Lesson 2.3: Covariance and Correlation Flashcards
Relationship Between Variables
Bivariate Variables
Variables
1. Response variables (dependent)
2. Explanatory or predictor variable (independent)
Response variable
- value can be explained by the explanatory variable or predictor variable
Scatter Plot / Diagram
- a graph that shows the relationship between 2 quantitative variables on the same individual
- x and y axis
Covariance
definition
- measures the direction of the linear relationship between two quantitative variables.

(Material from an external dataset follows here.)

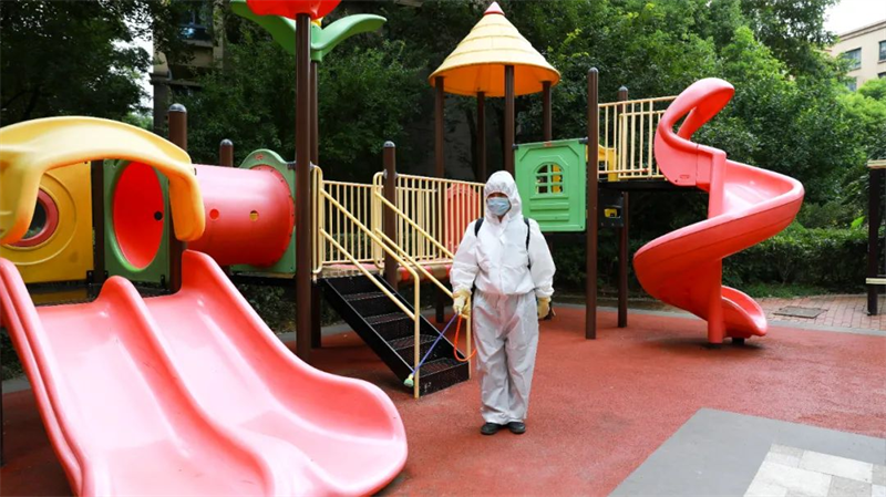 針對園區、案場、寫字樓、學校等多個項目,嚴格遵循防疫工作標準,對電梯、樓道、垃圾桶、車庫、出入口、兒童設施等公共區域堅持每日進行全覆蓋、高頻次消毒,對商寫、學校等重點區域一天不低于兩次消毒作業,不放過任何一個衛生防疫死角。

- If the values of x and y become large or small, the covariance coefficient will also become large or small
- if multiply all x values and/or all y values, Covariance changes by same factor
- doesn’t have to be b/n -1 and +1
- doesn’t give real sense of how negatively related variables are
Cov(X,Y) = (sum of (x - mean x)(y - mean y)) / (n - 1)
Computing Covariance
Excel and R
- Excel: =COVARIANCE.S(x data range, y data range)
- R: cov(x vector, y vector)
Correlation
definition
- measures the strength and direction of the
linear relationship between two quantitative variables. - r = sample correlation
- ρ (rho) = population correlation
- can vary between -1 and +1
- doesn’t change when x and/or y multiplied by factor
r = (sum (x-mean x)(y-mean y))/ (n-1)(sd of x)(sd of y)
OR
r = sample covariance / (sd of x)(sd of y)
Correlation Values
ranges
Positive Correlation (both x and y increase)
- r = 1: perfect
- r= 0.9: strong
- r= 0.4: moderate
Negative Correlation (x increases, y decreases)
- r = -1: perfect
- r = -0.9: strong
- r = -0.4: moderate
No correlation
- r close to 0 (scattered or parabolic)
Computing Correlation
Excel and R
- Excel: =CORREL(x data range, y data range)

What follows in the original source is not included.